Droughts caused local problems during the 80s and when the protection to white representation and the restriction on the takeover of white farms was effectively lifted Zimbabwe was hit by another blow in the way the country was denied credit and loans from the World Bank and the International Monetary Fund – unless Zimbabweans agreed to the privatisation of the principal wealth generating industries (which included the very lucrative mining industries) in the country. A combination of these varied pressures made things difficult for Mugabe as leader of the government and this allowed for the promotion of a so-called alternative in the jumped up trade union leader Morgan Tsvangirai.

His arrest and removal in 2017 was the result of frustration in the country that was unable to thrive under enforced international isolation. He became, in effect, a scapegoat for the problems that were not of his making.

The way in which the ex-colonialists supported this pretence of a leaders demonstrates the fact that should never be forgotten – the colonialists will NEVER give up and they will continue for decades if need be to re-establish their influence in those countries they have lost to independence struggles by the African majority. The bloodstained hands of the British, French and Portuguese can be seen in South Africa, Rwanda and Angola.

Mugabe also never gave up on the idea that armed struggle was the only way that colonised and oppressed peoples can ever gain their freedom and independence. This was something else for which the capitalist and imperialist could never forgive. Even though the wars they have instigated in the past, and will promote in the future, have cost the lives of millions and the suffering of many millions more with their highly sophisticated weaponry they cannot accept the taking up of the AK47 by the exploited and oppressed of the world. They will even go so far as to destroy the world if need be to achieve their goals.

Imperialism would rather those calling for reconciliation and a forgetting of the past – such as Nelson Mandela – be the role model for any future wars of independence. The economic situation in Zimbabwe is a result of the isolation and pressures placed upon the country by international capital but it would take a true optimist indeed, if not a blind fool, to argue that the situation in South Africa for the majority of the African population has improved substantially since the end of Apartheid.
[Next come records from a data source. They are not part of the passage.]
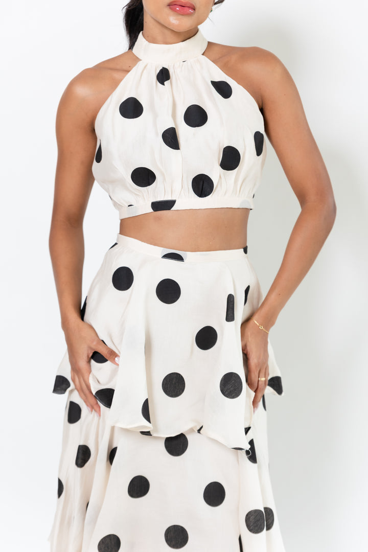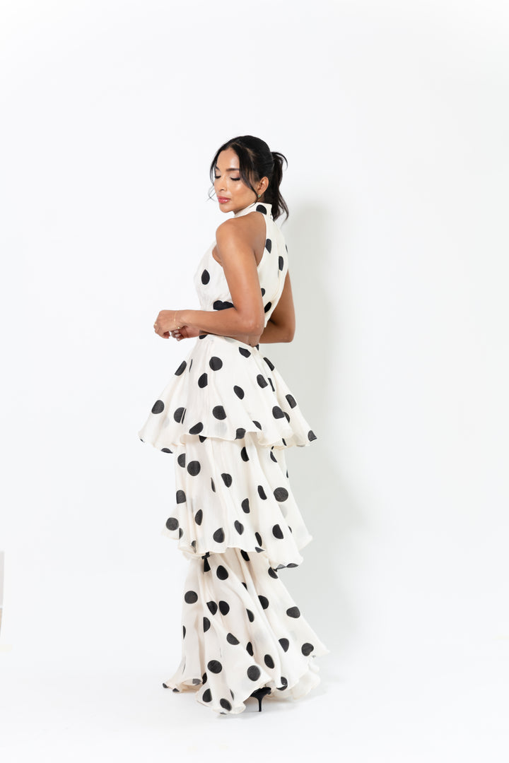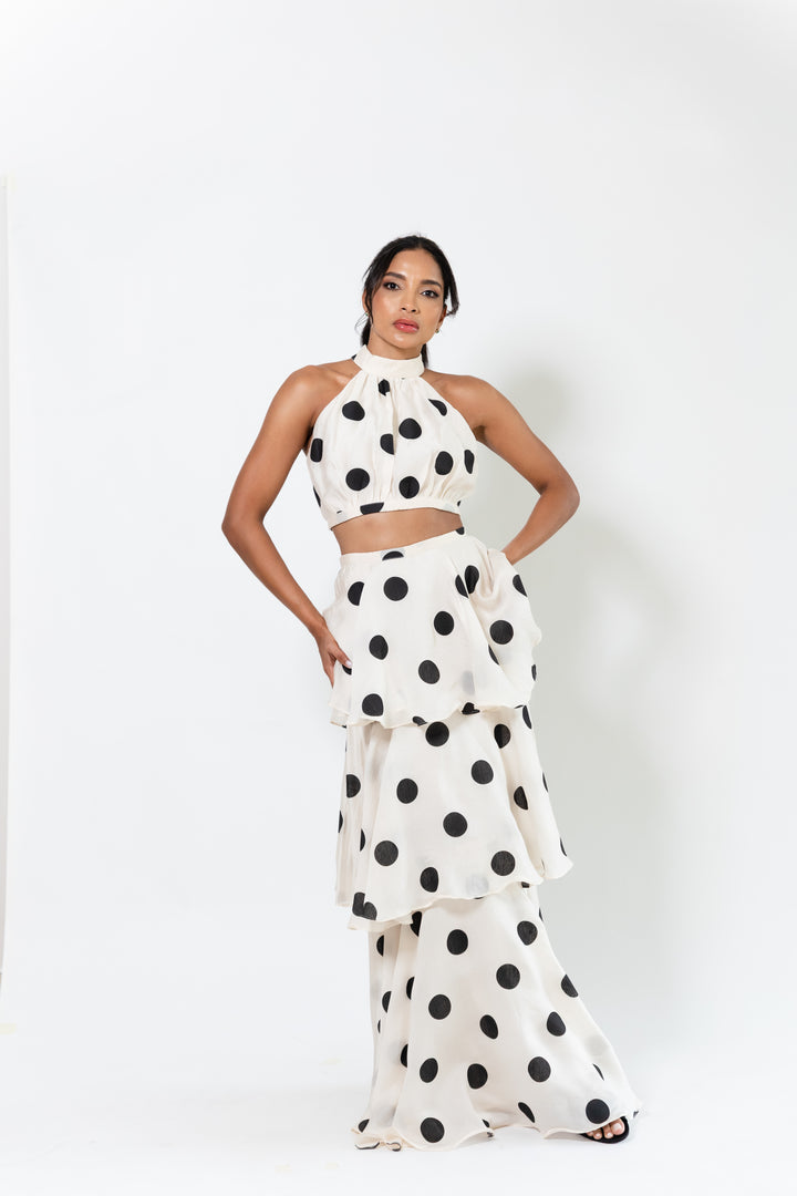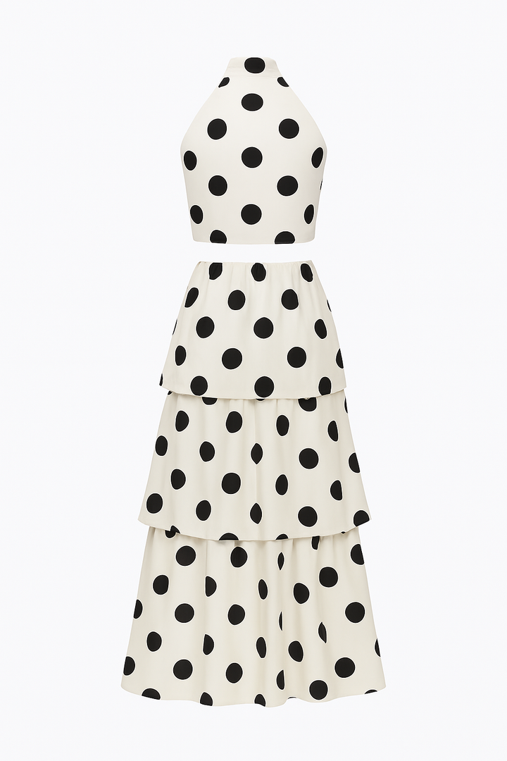 Set en lunares con top halter y falda larga en capas, un look sofisticado y moderno que roba miradas.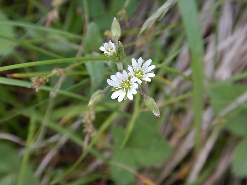 ヤマハコベ 山地の木陰や林の縁などに生える多年草です。葉は柄がなく、 茎も葉もともに星状毛を密生するのが特徴です。 ヤマハコベの名は、山に生えるハコベの意味で名づけられたと いいます。 ヤマハコベの花弁のない品種はアオハコベといいます。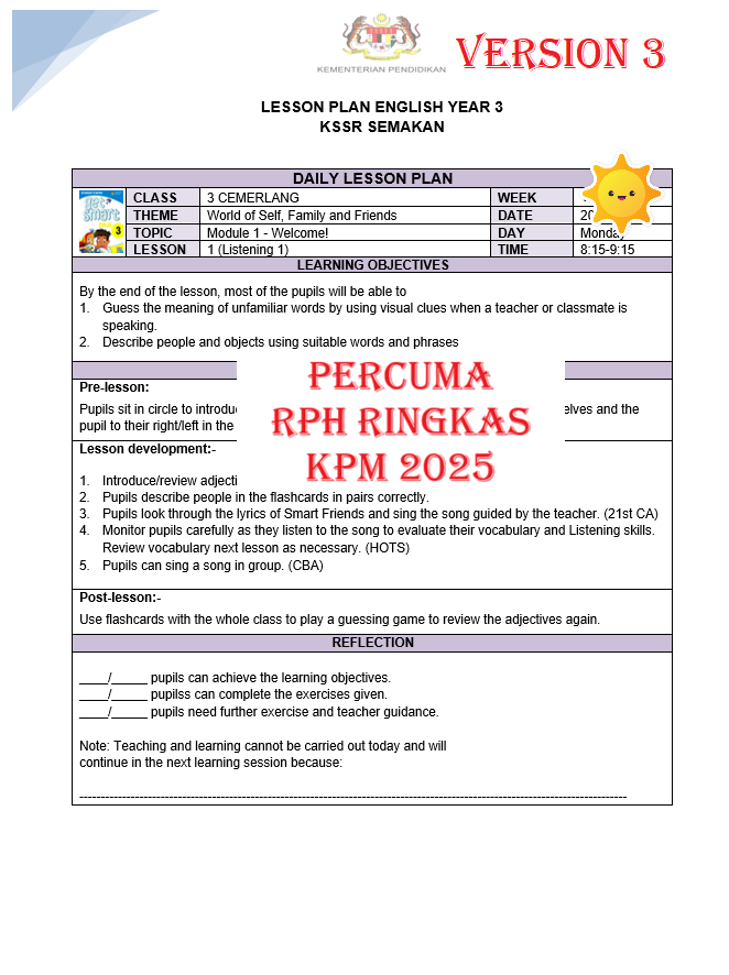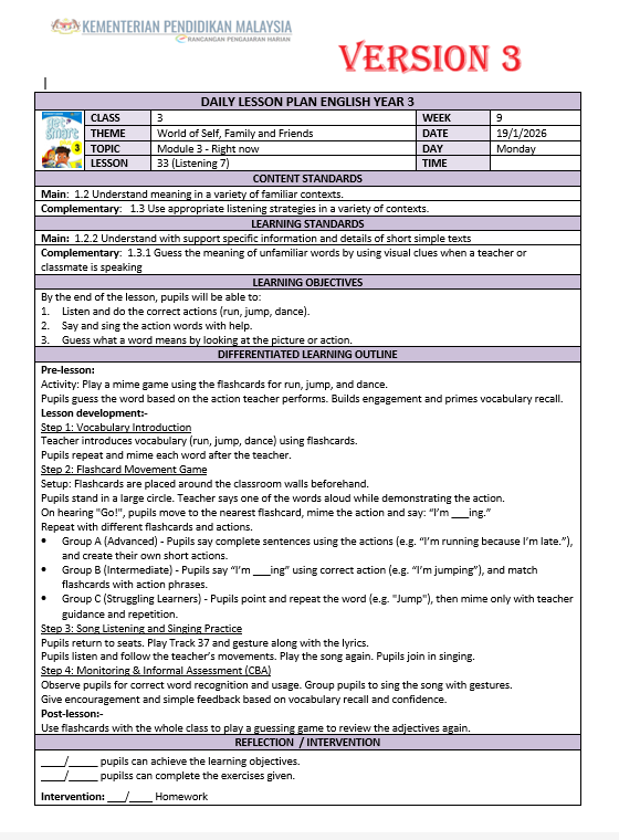 RPH Bahasa Inggeris Tahun 3 2026 – Version 3

And South Africa is very much still in the clutches of the imperialists.

If Mugabe’s reputation and past will be trashed by those looking back to a time when the predominantly white countries of the world could rule wherever they wished with impunity his legacy will be treasured by those who fight for a better future for the oppressed and exploited of the world. It must be remembered that whilst the white cretinous leaders were fooling around and taking ‘selfies’ at Mandela’s memorial gathering it was Robert Mugabe who received the warmest welcome by the African crown.

Yes, Robert Mugabe made mistakes. Only those who don’t try something new will never make mistakes. Even the true giants of world Communism, Joseph Vissarionovich Stalin and Chairman Mao Tse-tung, made mistakes. Those mistakes don’t detract from their achievements and neither will those of Robert Mugabe detract from his.